Of the methods listed above, StEFCal is arguably the most important recent development. It is discussed in more detail in $\S$ 8.4.2.1 ➞. Its importance stems, in part, from the fact that it lowers the computational complexity of calibration from O$(N^3)$ to O$(N^2)$.

8.4.2.1 StEFCal

StEFCal is an alternating direction implicit method. It works by first solving $\boldsymbol{\mathcal{G}}^H$ with $\boldsymbol{\mathcal{G}}$ held constant and then solving $\boldsymbol{\mathcal{G}}$ with $\boldsymbol{\mathcal{G}}^H$ held constant. This is tantamount to linearising the calibration problem.

Warning: We have switched back to the unpolarized notation we used in [$\S$ 8.1 ➞](../8_Calibration/8_1_Calibration_Least_Squares_Problem.ipynb).

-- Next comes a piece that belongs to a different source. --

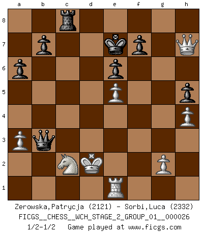 Last move : 1/2-1/2 2024 January 6 7:53:3 [Event "FICGS__CHESS__WCH_STAGE_2_GROUP_01__000026"] [Site "FICGS"] [Date "2023.10.03"] [Round "1"] [White "Zerowska,Patrycja"] [Black "Sorbi,Luca"] [Result "1/2-1/2"] [WhiteElo "2121"] [BlackElo "2332"] 1.e4 c5 2.Nc3 Nc6 3.Nge2 g6 4.d4 cxd4 5.Nxd4 Bg7 6.Be3 Nf6 7.Bc4 O-O 8.Bb3 d6 9.f3 Bd7 10.h4 h5 11.Qd2 Ne5 12.O-O-O Rc8 13.Bh6 Nc4 14.Bxc4 Rxc4 15.Bxg7 Kxg7 16.Kb1 Qa5 17.Qe3 Rfc8 18.Rd3 Qe5 19.a3 a6 20.Qd2 Qg3 21.f4 Qg4 22.e5 dxe5 23.fxe5 Ne4 24.Nxe4 Qxe4 25.Re1 Qg4 26.b3 R4c5 27.Rf3 Bf5 28.Rf4 Qg3 29.Rxf5 Rxc2 30.Nxc2 Qxb3+ 31.Kc1 gxf5 32.Qg5+ Kf8 33.Qxf5 e6 34.Qh7 Ke7 35.Kd1 Qd5+ 36.Kc1 Qb3 37.Kd2 1/2-1/2 Follow this game move after move (download)As one by one I mowed them down, my superiority soon became apparent. (Jose Capablanca) Frage des Reporters: -Welche besonderen Umstände rechtfertigen das Anhalten der Uhren während einer Turnierpartie? Antwort: -Einen Fotographen zu strangulieren. (Siegbert Tarrasch) Después de la respuesta de las negras a 1.e4 con 1..e5, se quedan siempre tratando de entrar dentro del juego. (Howard Staunton) Le succès, c'est être capable d'aller d'échec en échec sans perdre son enthousiasme. (Winston Churchill) Art is the triumph over chaos. (John Cheever)

As $\boldsymbol{\mathcal{D}}- \boldsymbol{\mathcal{G}}\boldsymbol{\mathcal{M}}\boldsymbol{\mathcal{G}}^H$ is Hermitian, the two steps are equivalent and we only require the following update step:

$$\boldsymbol{\mathcal{G}}^{[i]} = \textrm{argmin}_{\boldsymbol{\mathcal{G}}}\left\|\boldsymbol{\mathcal{D}}- \boldsymbol{\mathcal{G}}^{[i-1]}\boldsymbol{\mathcal{M}}\boldsymbol{\mathcal{G}}^H\right\|.$$

We can now write:

$$\left\|\boldsymbol{\mathcal{D}} - \boldsymbol{\mathcal{Z}}^{[i]}\boldsymbol{\mathcal{G}}^H\right\| = \sqrt{\sum_{p}^N\boldsymbol{\mathcal{D}}_{:,p}-\boldsymbol{\mathcal{Z}}_{:,p}^{[i]}\left(g_p^{[i]}\right)^*},$$

with $\boldsymbol{\mathcal{Z}}^{[i]} = \boldsymbol{\mathcal{G}}^{[i]}\boldsymbol{\mathcal{M}}$. We denote the $p$-th column of $\boldsymbol{\mathcal{A}}$ with $\boldsymbol{\mathcal{A}}_{:,p}$. If we now apply the normal equation method ⤴ we readily obtain:

StEFCal update step

\begin{equation} g_p^{[i]} = \frac{\boldsymbol{\mathcal{D}}^H_{:,p}\boldsymbol{\mathcal{Z}}_{:,p}^{[i-1]}}{\left(\boldsymbol{\mathcal{Z}}_{:,p}^{[i-1]}\right)^H\boldsymbol{\mathcal{Z}}_{:,p}^{[i-1]}}. \end{equation}

We can use the above update step to iteratively obtain the best estimate of $g_p$. We iterate until we exceed some maximum number of iterations or if we reach our convergence criteria.

Warning: In practice we replace the gain solution of each even iteration by the average of the current gain solution and the gain solution of the previous odd iteration.